1. How do you define acceleration and instantaneous velocity?

Acceleration is the rate of change of velocity with respect to time. It is a vector quantity, meaning it has both magnitude and direction. Instantaneous velocity, on the other hand, is the velocity of an object at a specific moment in time. It is also a vector quantity.

2. Is there a difference between average acceleration and instantaneous acceleration?

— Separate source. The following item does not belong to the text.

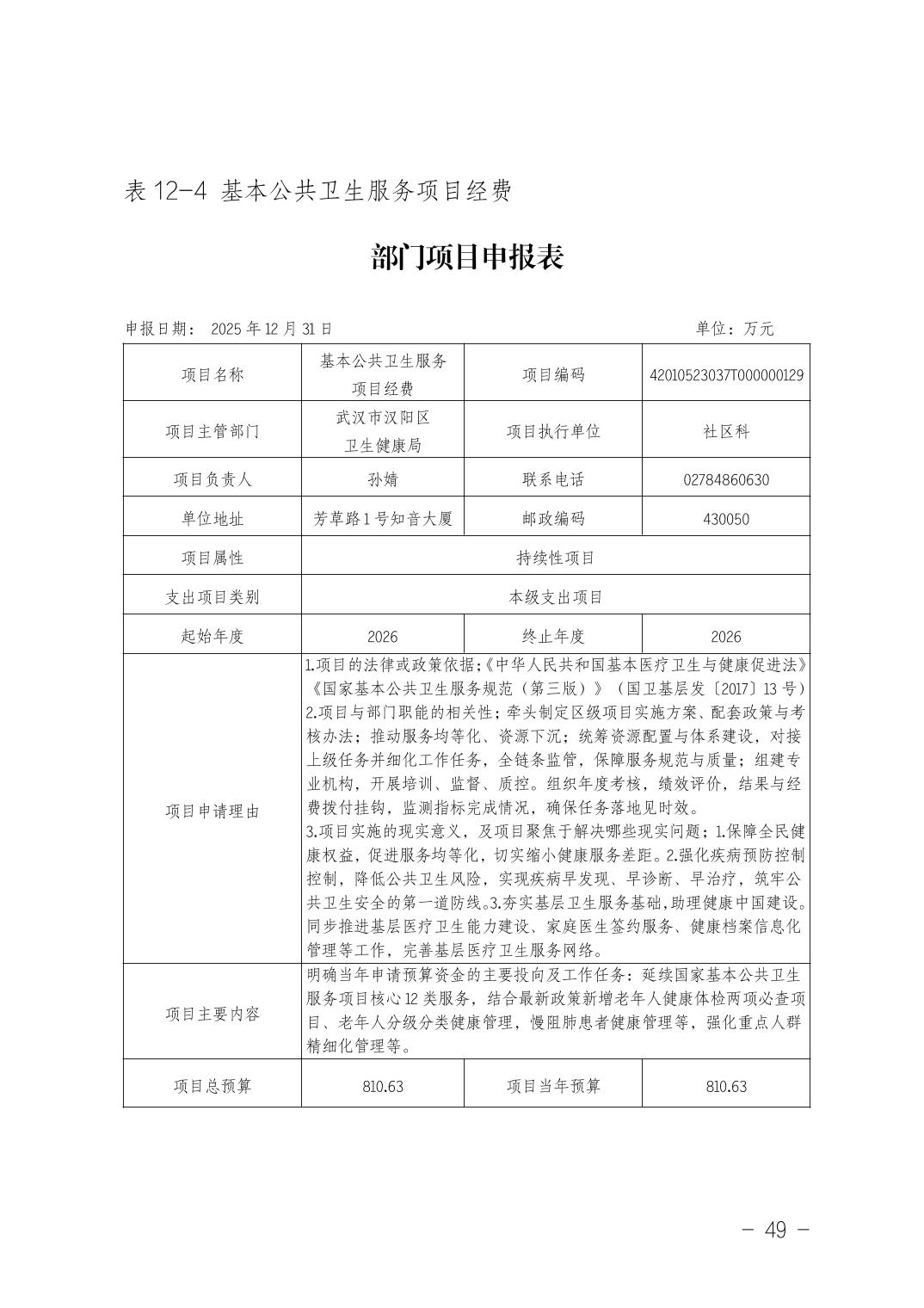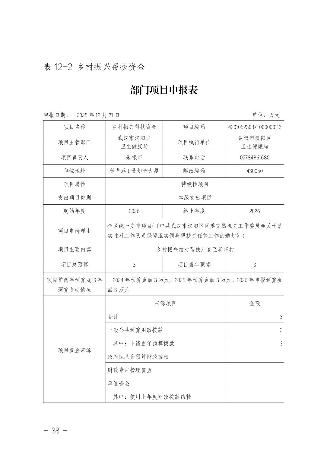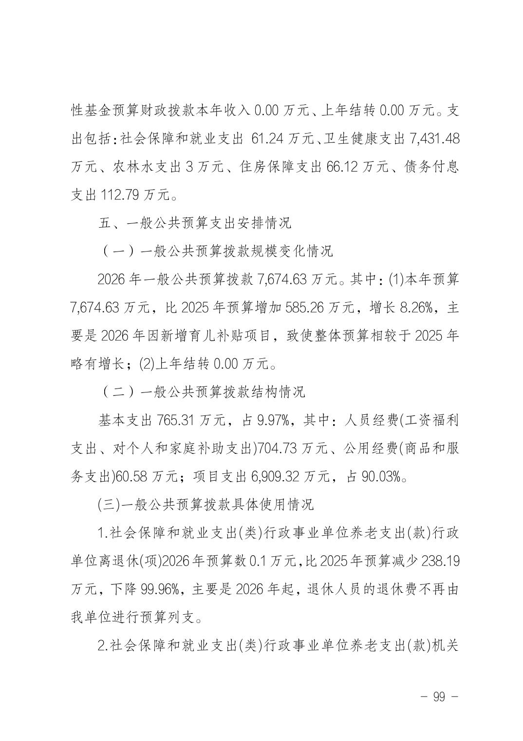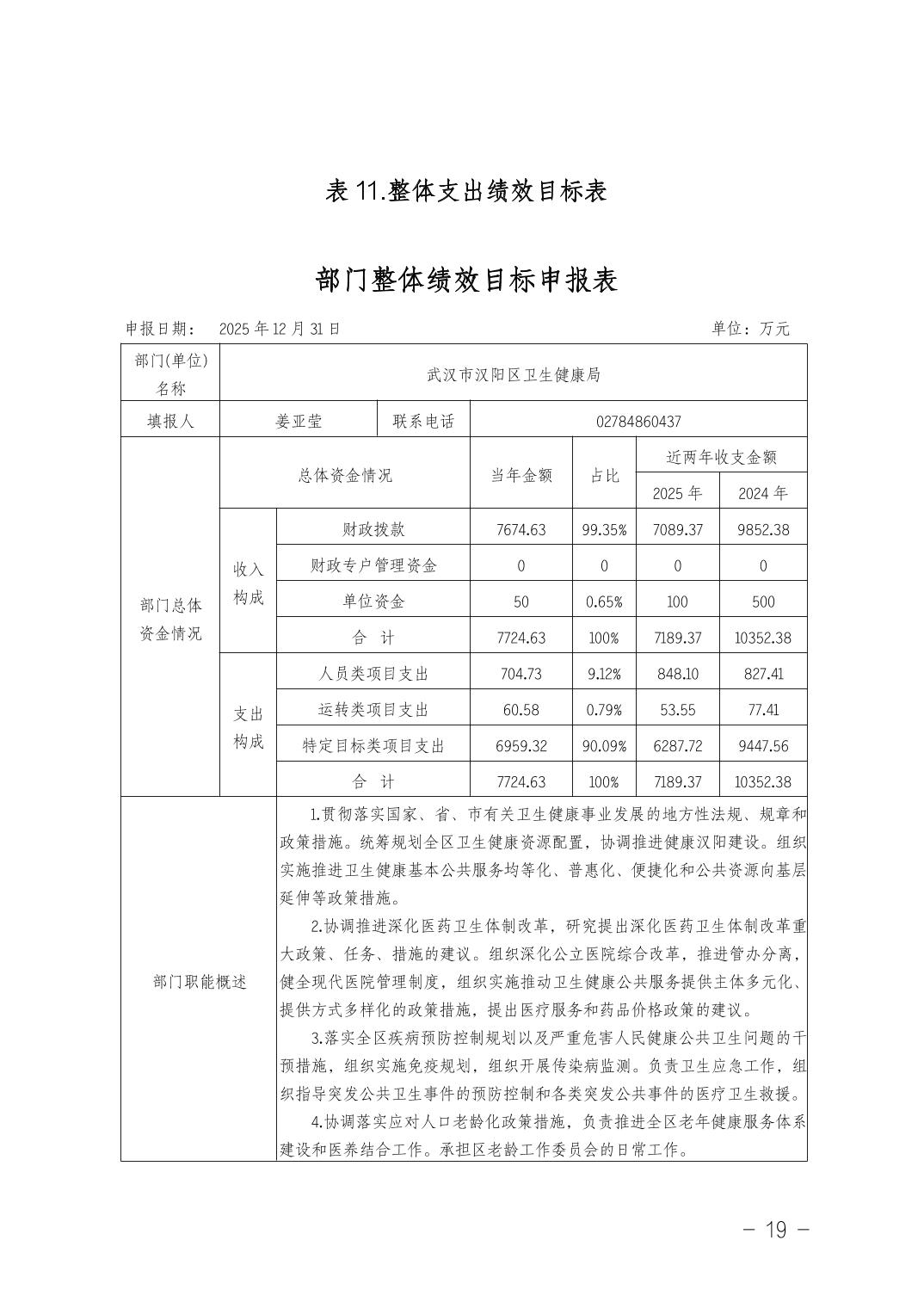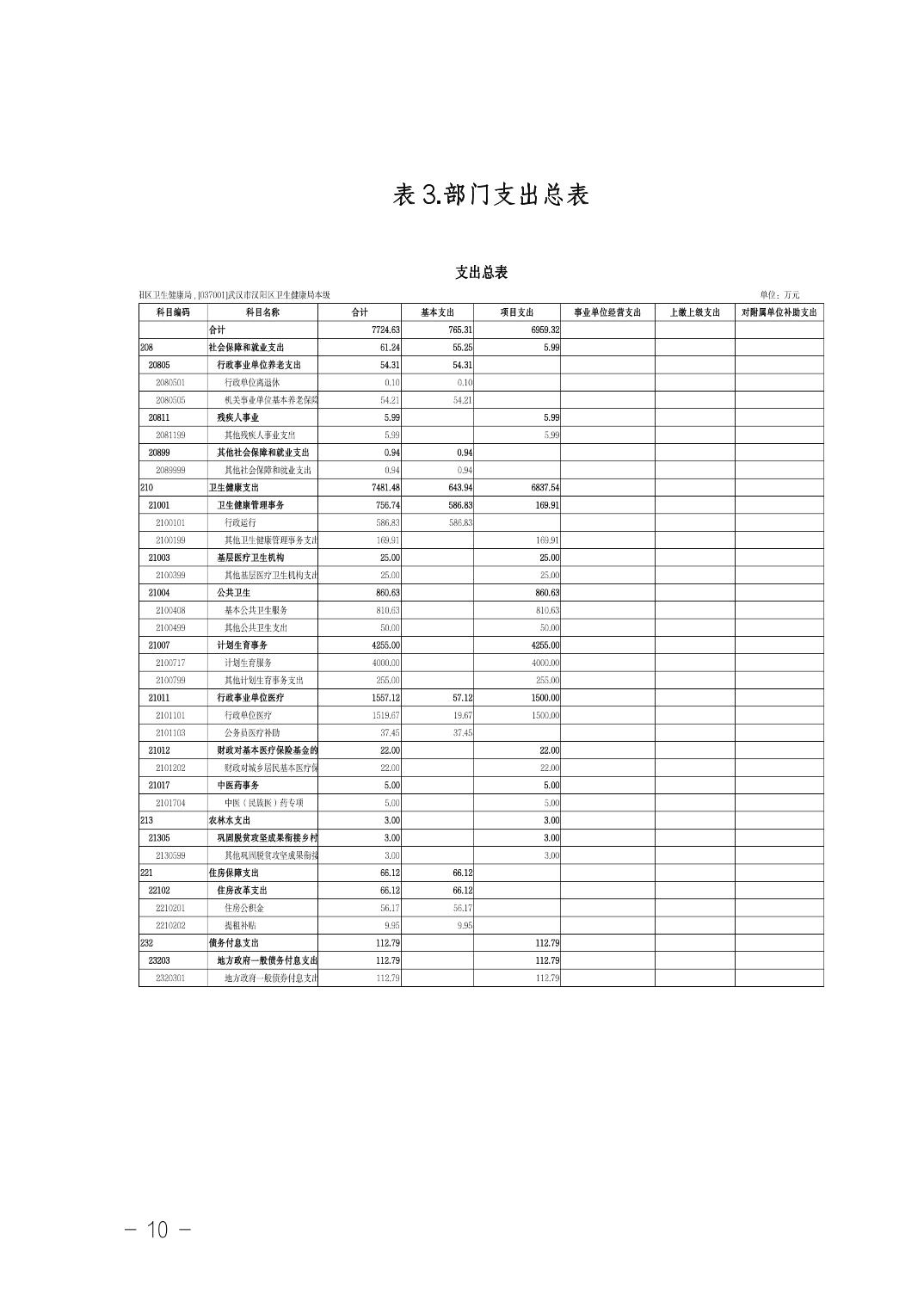 武汉市汉阳区卫生健康局(本级)2026年部门预算

Yes, there is a difference between the two. Average acceleration is calculated by dividing the change in velocity by the change in time over a given interval. It represents the overall change in velocity during that interval. Instantaneous acceleration, on the other hand, is the acceleration of an object at a specific moment in time, and can be found by taking the derivative of the object's velocity-time graph.

3. How is acceleration related to velocity?

Acceleration and velocity are directly related, meaning they both affect each other. If an object's acceleration increases, its velocity will also increase. This can be seen in equations such as v = u + at, where v represents final velocity, u represents initial velocity, a represents acceleration, and t represents time.

4. Can acceleration and instantaneous velocity have different directions?

Yes, they can have different directions. Acceleration is a vector quantity, so it has both magnitude and direction. Instantaneous velocity also has direction, as it is a vector quantity. Therefore, it is possible for an object to have an acceleration and instantaneous velocity with different directions.

5. Is there a direct correlation between acceleration and instantaneous velocity?

There is a correlation between acceleration and instantaneous velocity, but it is not always direct. This means that an increase in acceleration does not always result in an equal increase in instantaneous velocity. The relationship between the two depends on factors such as the object's initial velocity, the direction of acceleration, and the duration of the acceleration.